At the end of the world, I attempt to make peace with the universe, sit amongst the litter, reading every scrap of receipt or cloth or lost toy for closure. And the sun begins to set, and on the far side of the station, a door waits for me.

I step through.

A figure waits by the railing, as the train comfortably crawls along the tracks— there's no rush here. No where else to go but here.

We're above the clouds now, not the dark, seeping clouds, nor the choking clouds that hang low to the ground. They're the white puffy clouds that allow themselves to be anything only to those looking out windows or laying on soft grass looking up. I stick my hand through the open window, letting it drift just above the soft-as-pet-hair surface.

And then you laugh, like you always used to laugh, and you beckon me forward to join you.

You.

I know you.

You are your favorite color in daffodils and sunsets and rain boots that sit by my door. You are the saved seat, the second mug, the corner spot on the couch. The one with the never-serious grin, the on-line small talk, squirrel whisperer. God, you are the one whose dimple I saw in half of every smile. The sidekick. The shoulder to cry on. The one who never broke at bad news, even when that bad news slowly and insidiously broke you.

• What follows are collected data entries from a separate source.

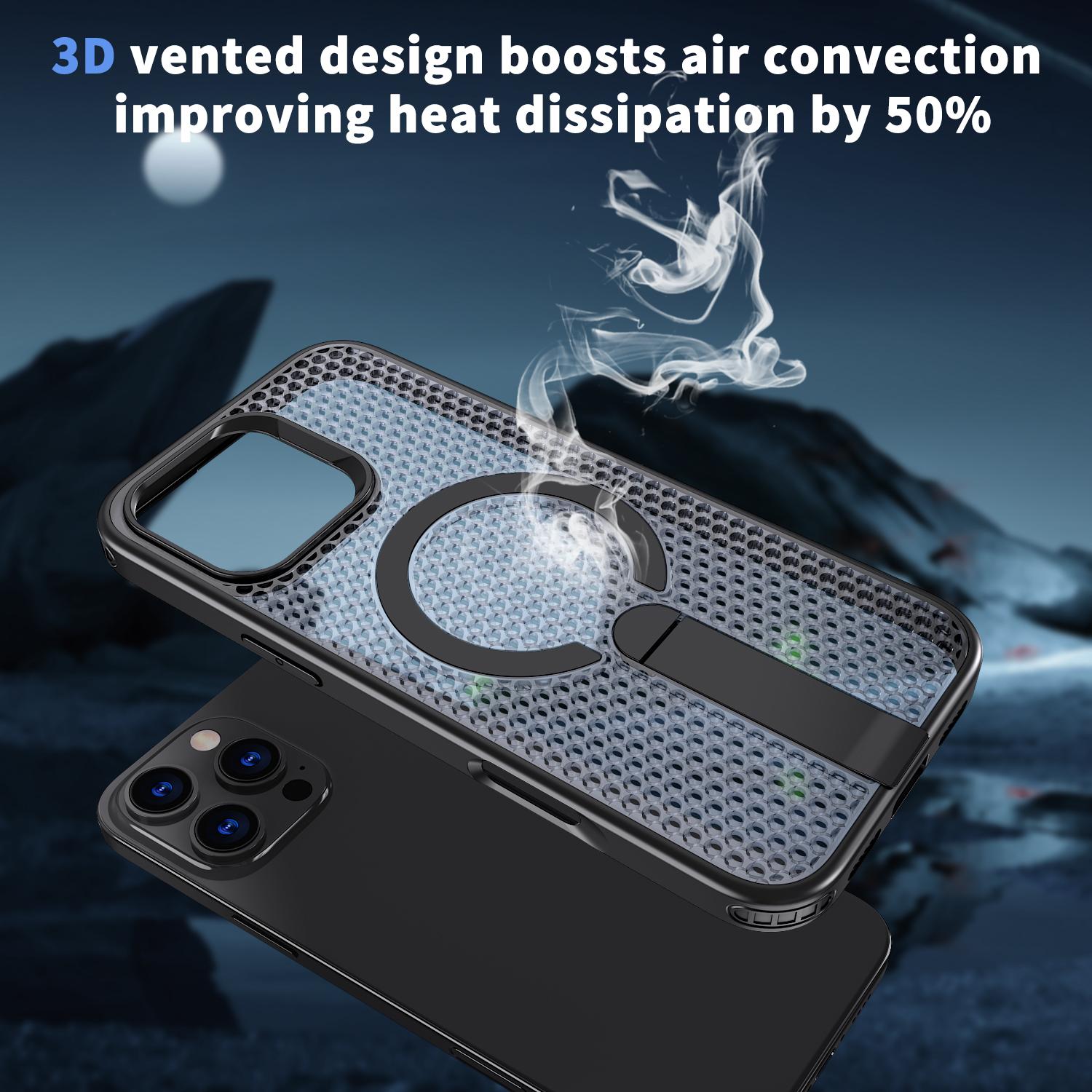 For iPhone 16 Pro kalebol Honeycomb Cooling MagSafe Holder Phone Case(Black)
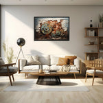 Take wall art to another level with our industrial style canvas, a true sculpture for your walls. Framed in a sturdy wooden frame, this contemporary canvas is a perfect combination of acrylic paint and digital printing. Thanks to its acrylic glass finish, it shines with a special luminosity that catches the eye and arouses admiration.
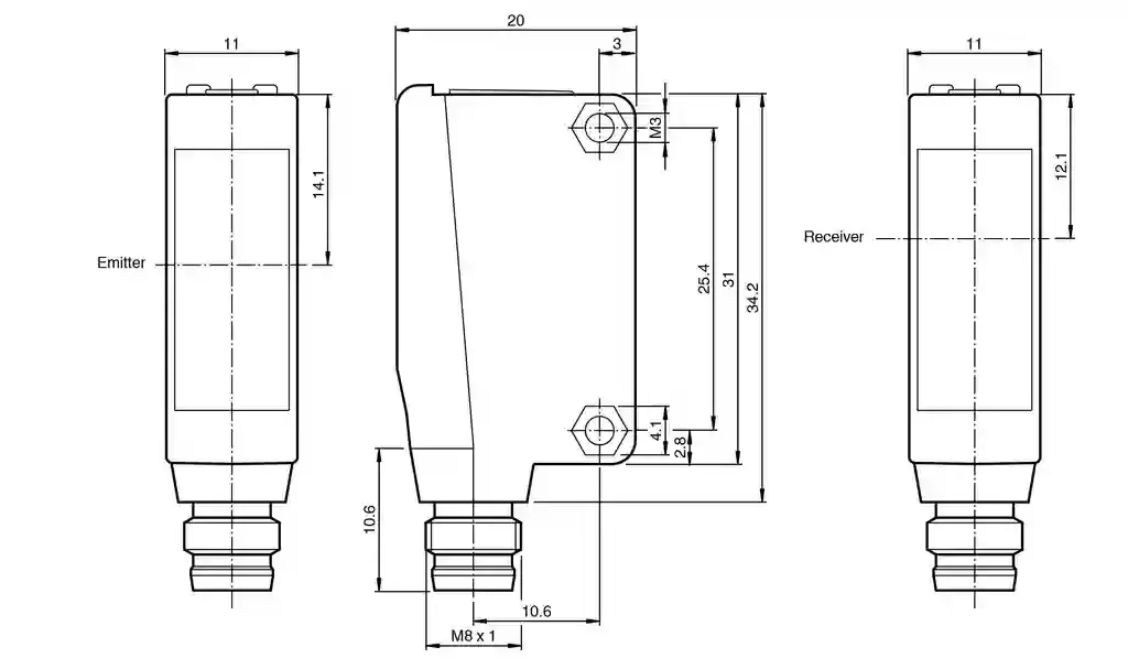 Thru-beam sensor (pair). Thru-beam sensor, 20 m detection range, red light, light/dark on, DC version, PNP output, sensitivity adjuster, emitter switch-off, M8 plug, Miniature design, Easy to use, Very bright, highly visible light spot, Full metal thread mounting, Highly visible LEDs for Power ON and switching state. Emitter: M100-RT/35/76a/95. Receiver: MV100-RT/35/95/103. Effective detection range: 0 … 20 m. Threshold detection range: 30 m. Light source: LED. Light type: modulated visible red light. Diameter of the light spot: approx. 2 m at a distance of 30 m. Opening angle: approx. 2 °. Optical face: frontal. Ambient light limit: EN 60947-5-2. MTTFd: 860 a. Mission Time (TM): 20 a. Diagnostic Coverage (DC): 0 %. Operation indicator: LED green: power on. Function indicator: Receiver: LED yellow, lights up when light beam is free, flashes when falling short of the operating reserve ; OFF when light beam is interrupted. Control elements: sensitivity adjustment. Control elements: Light-on/dark-on changeover switch. Operating voltage: 10 … 30 V DC. Ripple: max. 10 %. No-load supply current: Emitter: ≤ 15 mA Receiver: ≤ 8 mA. Test input: emitter deactivation at +UB. Switching type: The switching type of the sensor is adjustable. The default setting is: light-on. Signal output: 1 PNP output, short-circuit protected, reverse polarity protected, open collector. Switching voltage: max. 30 V DC. Switching current: max. 100 mA , resistive load. Voltage drop: ≤ 1.5 V DC. Switching frequency: 250 Hz. Response time: 2 ms. Product standard: EN 60947-5-2. UL approval: cULus Listed, Class 2 Power Source or listed Power Supply with a limited voltage output with (maybe integrated) fuse (max. 3.3 A according UL248), Type 1 enclosure. CCC approval: CCC approval / marking not required for products rated ≤36 V. Ambient temperature: -30 … 60 °C (-22 … 140 °F). Storage temperature: -40 … 70 °C (-40 … 158 °F). Degree of protection: IP67. Connection: M8 x 1 connector, 4-pin. Material: . HousingPC (Polycarbonate)Optical facePMMA: . Housing: PC (Polycarbonate). Optical face: PMMA. Mass: approx. 20 g (emitter and receiver). Tightening torque, fastening screws: 0.6 Nm. Dimensions: . Height31 mmWidth11 mmDepth20 mm: . Height: 31 mm. Width: 11 mm. Depth: 20 mm
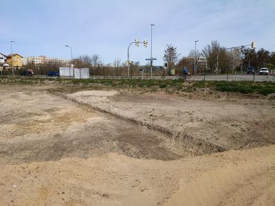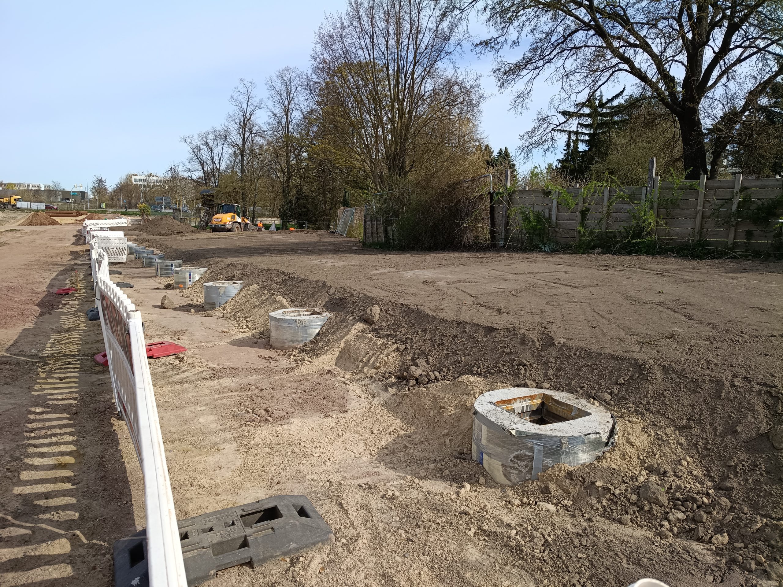 Ab Mai beginnen die vorbereitenden Arbeiten für den Bauabschnitt über die Albert-Vater-Straße. Wichtig für alle Verkehrsteilnehmenden: Die Straße bleibt während der gesamten Bauzeit befahrbar, der Verkehr wird an den jeweiligen Baufeldern vorbeigeführt. Auf der gegenüberliegenden Seite haben die Arbeiten zur Baufeldfreimachung bereits begonnen.
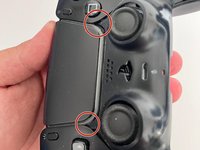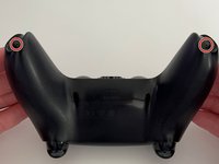 Use a Phillips screwdriver to remove the two 6.4 mm screws behind the L1 and R1 buttons, as well as the two 6.4 mm screws that secure the bottom corners of the lower case.
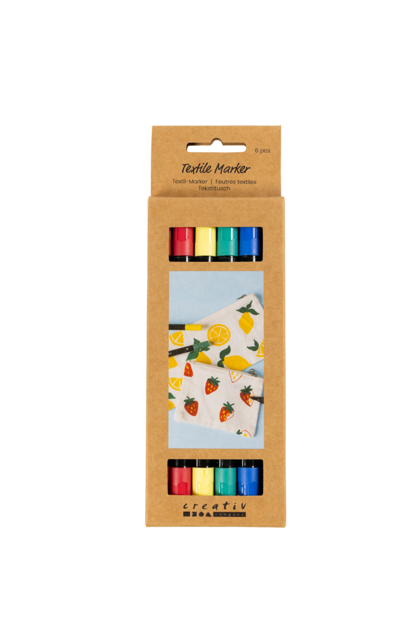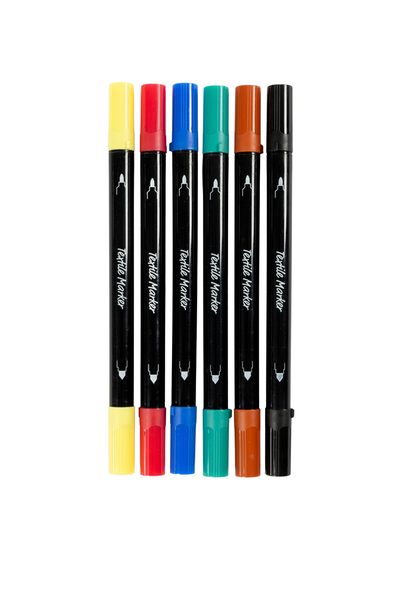 Goede kwaliteit, sterke, permanente textielstiften met dubbele punt. Schudden voor gebruik. Na fixatie wasbaar op 40°C.

You're the one I could never speak of in the past tense, not even now. Not in any of the letters I left unsent, nor in any of the condolences and well-wishes sent my way. Did they love you? Did their tears stain each postmarked letter, or fruit basket or casserole? Did they cry for you? The one who never believes themself worthy to cry over, afraid to learn of how much I wept for you in fear that you might cry too.

It's you.

After all this time, it's you.

You look as beautiful as you did that day at the bier, when strangers' hands dressed, groomed, and made sure you were perfect on your big day.

I missed you.

You who made the word around you glow. You whose absence left me to seek the embers and fireflies and ephemeral specks of glitter that do little to extinguish the darkness, but still shine despite it all. The world is much brighter when you focus on the sparks, when you shakily block out everything else with your hands, when all that can be seen is a tunnel, and the faint luminescence of something on the other side.

I take a step towards it.

At the end of the world, I stare at the light at the end of the tunnel, and all I see is you.